Sanofi's three commercially available orphan drugs are enzyme replacement therapies, all of which were acquired during their merger with Genzyme. Despite these drugs targeting patient populations estimated to be between 5,000-10,000 globally, each drug has gone on to become wildly successful. Last year, sales of Sanofi's Gaucher disease drug Cerezyme, for example, topped $700 million. Myozyme, a treatment for Pompe disease, is estimated to close in on almost $200 million in sales this year.

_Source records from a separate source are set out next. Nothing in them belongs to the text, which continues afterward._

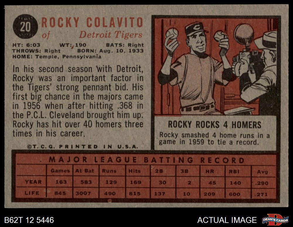 1962 Topps #20 Rocky Colavito 4.5 - VG/EX+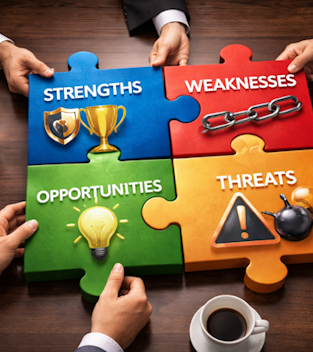 Pontos fortes, pontos de melhoria, vantagens e desvantagens em relação à concorrência, áreas de atuação, competências, limitações, e diversos outros pontos que compõe a complexa e rica imagem que o mercado forma de cada empresa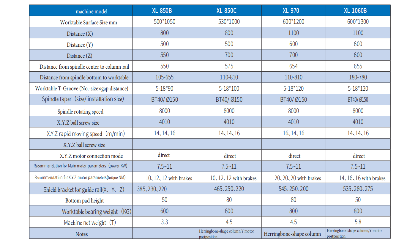 - Taiwan-made spindle, some optical machine can choose direct connection, BT40, BT50, gear head, short nose and other special types of spindle, further inquiry needed;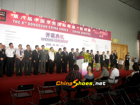 中國鞋網10月30日訊 2008年受球經濟局勢景影響,中國對外貿易支柱行業——鞋類行業正面臨著戰略調整和產業升級諸方面的挑戰。在這特殊時期,鞋業界盛會¬-第八屆中國東莞國際鞋展、鞋機展應運而生,于今天早上于東莞厚街廣東現代國際展覽中心隆重揭幕。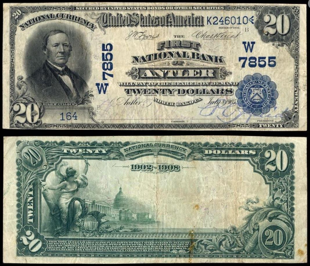| ND | Antler | 7855 | 1 | The First National Bank of | 1902DB | 20 | 164 | B | N | VF 20 Net | PMG | Image | |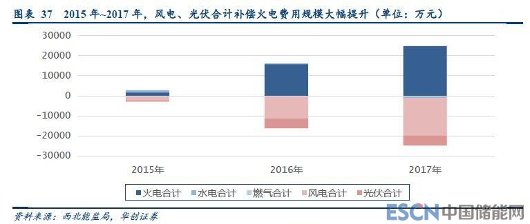 我們對比了2015~2017年1~10月新疆省的結(jié)算費(fèi)用(結(jié)算費(fèi)用=補(bǔ)償費(fèi)用-考核費(fèi)用-分?jǐn)傎M(fèi)用)總規(guī)模,從整體來看可以發(fā)現(xiàn)風(fēng)電、光伏為上繳費(fèi)用(負(fù)值),并且上繳費(fèi)用逐年提升,2017年的總結(jié)算費(fèi)用規(guī)模達(dá)到了2.48億元。從這一角度看,風(fēng)電光伏納入補(bǔ)償體系后,電力輔助服務(wù)成為了新能源補(bǔ)償火電、水電調(diào)節(jié)電網(wǎng)平衡的機(jī)制橋梁,實(shí)現(xiàn)了新能源發(fā)電對參與調(diào)節(jié)的火電、水電發(fā)電主體的補(bǔ)償,實(shí)際效果上看是新能源“購買”火電、水電的調(diào)節(jié)服務(wù)。所以火電、水電參與市場調(diào)節(jié)的服務(wù)積極性獲得了大幅提高。

In fact, treatments for Pompe disease are so promising that BioMarin is racing to develop their own treatment currently in advanced clinical trials. Roche has been rumored to be particularly interested in this indication, and is thought to be raising funds for a buyout of BioMarin if its Pompe disease drug continues to show promise.
There are currently more than 25 orphan drugs generating revenue of at least $1 billion a year -- nine of which hit the multibillion-dollar mark in 2012. As the ODA saves biopharma companies hundreds of millions in terms of development costs and generic competition, orphan drugs look to be the future of the industry in many ways. With big pharmas like GlaxoSmithKline jumping in the orphan drug game with both feet, it would be foolish not to take a closer look at some of the companies at the forefront of developing treatments for rare diseases.